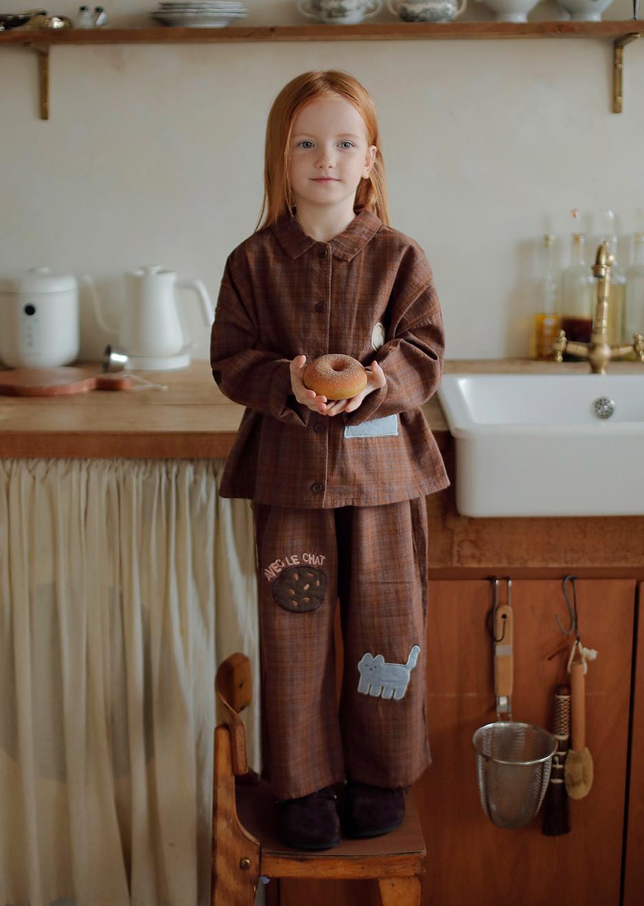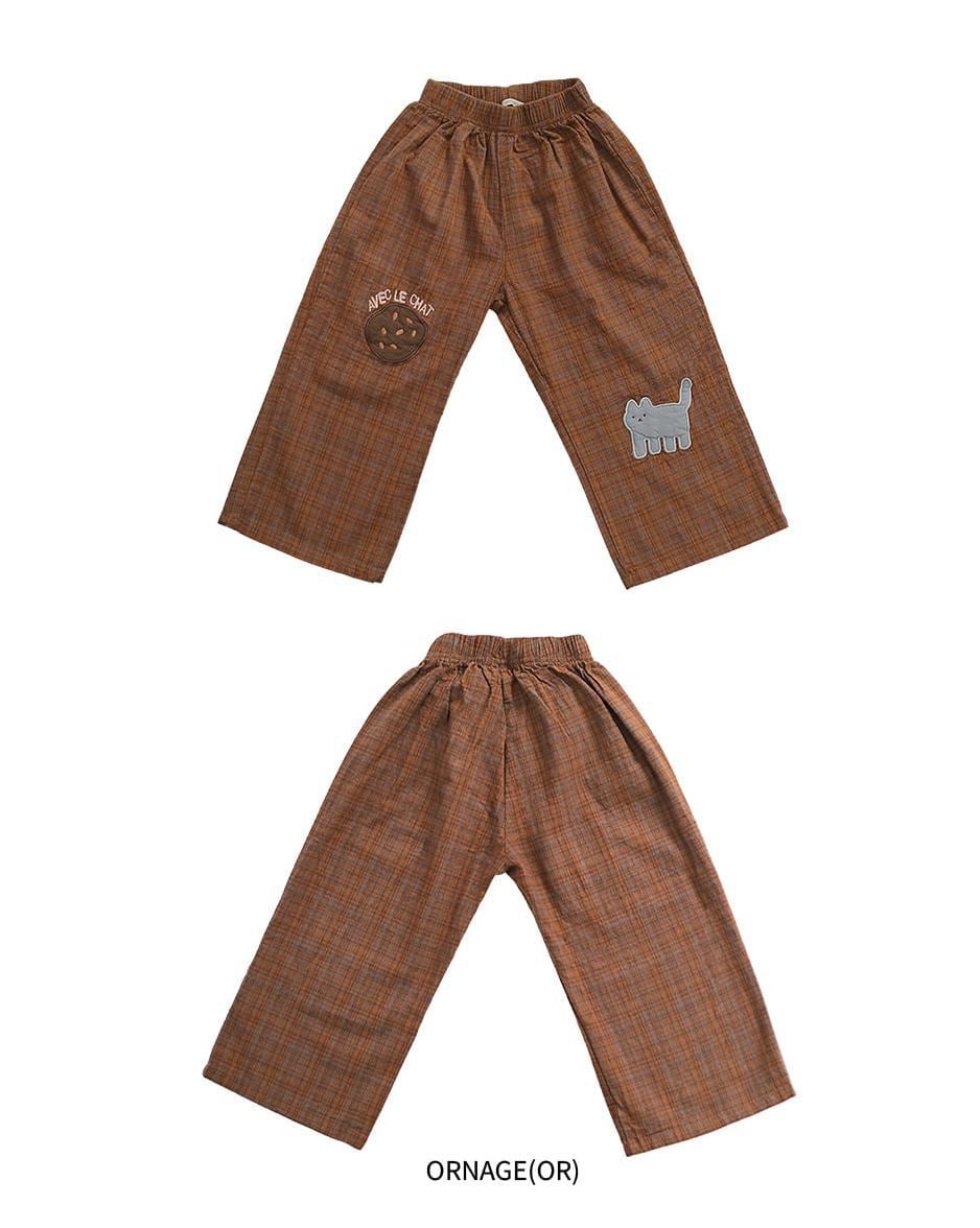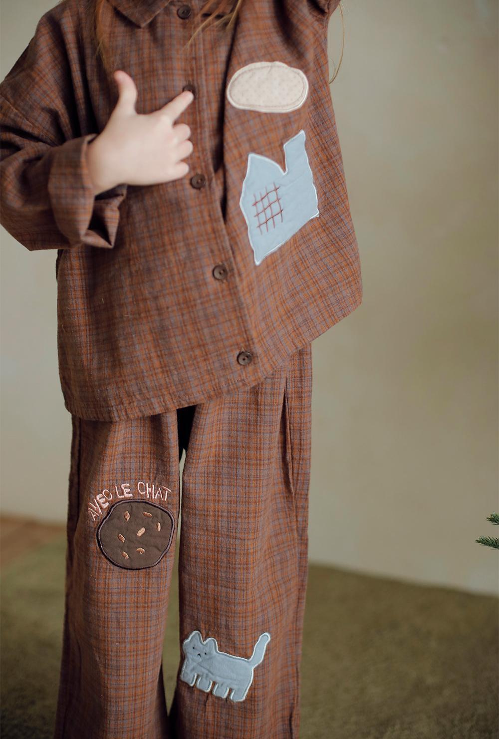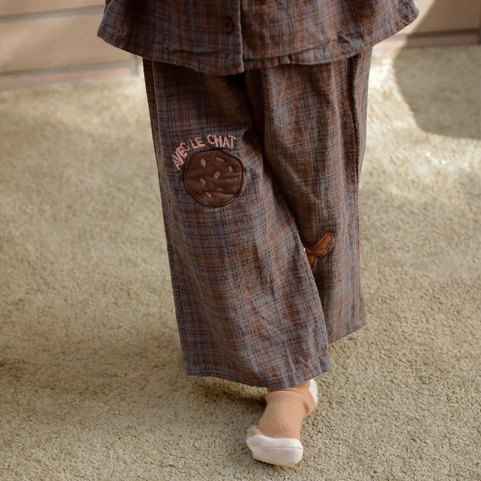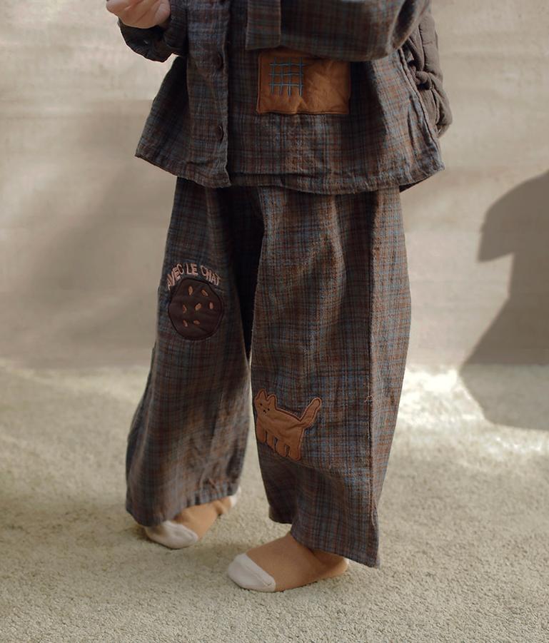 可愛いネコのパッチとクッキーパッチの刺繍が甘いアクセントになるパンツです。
════════
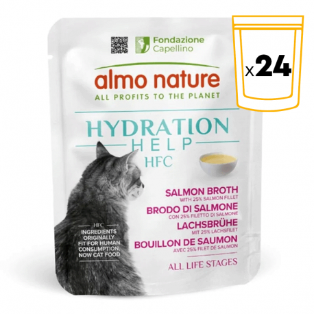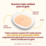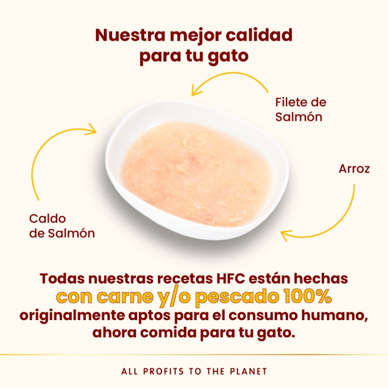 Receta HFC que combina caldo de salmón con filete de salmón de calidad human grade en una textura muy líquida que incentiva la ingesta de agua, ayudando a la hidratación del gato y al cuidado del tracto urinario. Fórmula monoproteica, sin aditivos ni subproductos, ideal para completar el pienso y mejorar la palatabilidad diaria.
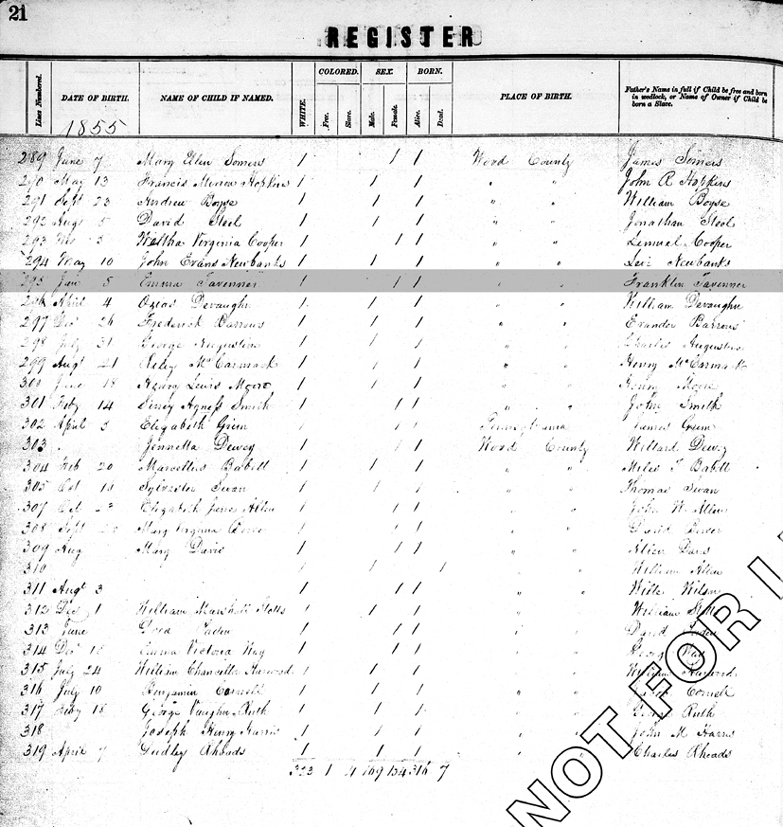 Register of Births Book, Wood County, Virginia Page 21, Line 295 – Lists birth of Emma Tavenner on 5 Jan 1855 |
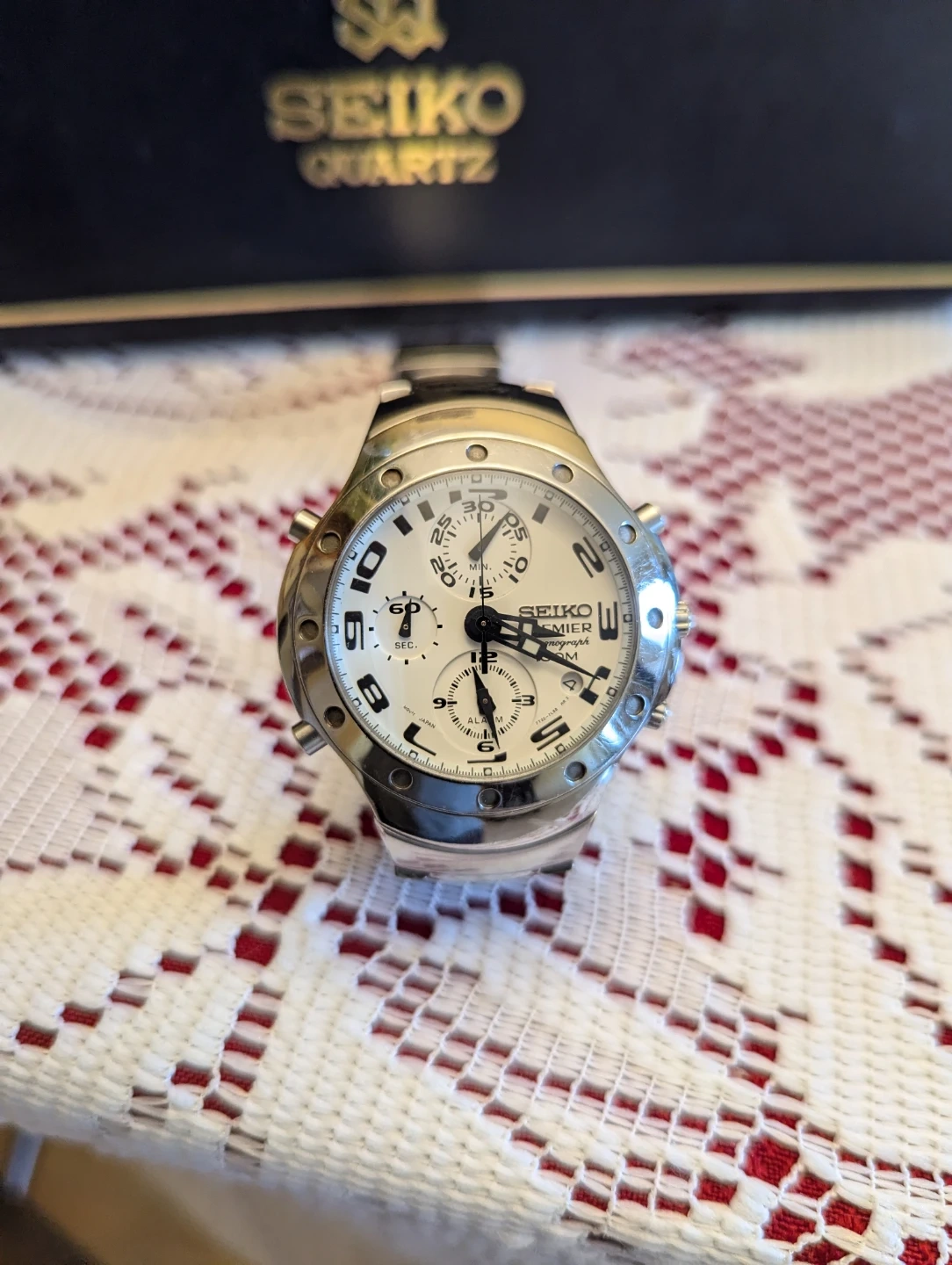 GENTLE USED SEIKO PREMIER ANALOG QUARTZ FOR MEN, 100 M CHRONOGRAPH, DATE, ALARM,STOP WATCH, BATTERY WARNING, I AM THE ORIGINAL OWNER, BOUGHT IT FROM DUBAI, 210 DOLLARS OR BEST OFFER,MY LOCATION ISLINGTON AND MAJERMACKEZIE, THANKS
════════
Beginning at the line above that contains "Receta HFC que", repeat each line exactly through the one that contains "GENTLE USED SEIKO", and leave out the pictures.

 Receta HFC que combina caldo de salmón con filete de salmón de calidad human grade en una textura muy líquida que incentiva la ingesta de agua, ayudando a la hidratación del gato y al cuidado del tracto urinario. Fórmula monoproteica, sin aditivos ni subproductos, ideal para completar el pienso y mejorar la palatabilidad diaria.
 Register of Births Book, Wood County, Virginia Page 21, Line 295 – Lists birth of Emma Tavenner on 5 Jan 1855 |
 GENTLE USED SEIKO PREMIER ANALOG QUARTZ FOR MEN, 100 M CHRONOGRAPH, DATE, ALARM,STOP WATCH, BATTERY WARNING, I AM THE ORIGINAL OWNER, BOUGHT IT FROM DUBAI, 210 DOLLARS OR BEST OFFER,MY LOCATION ISLINGTON AND MAJERMACKEZIE, THANKS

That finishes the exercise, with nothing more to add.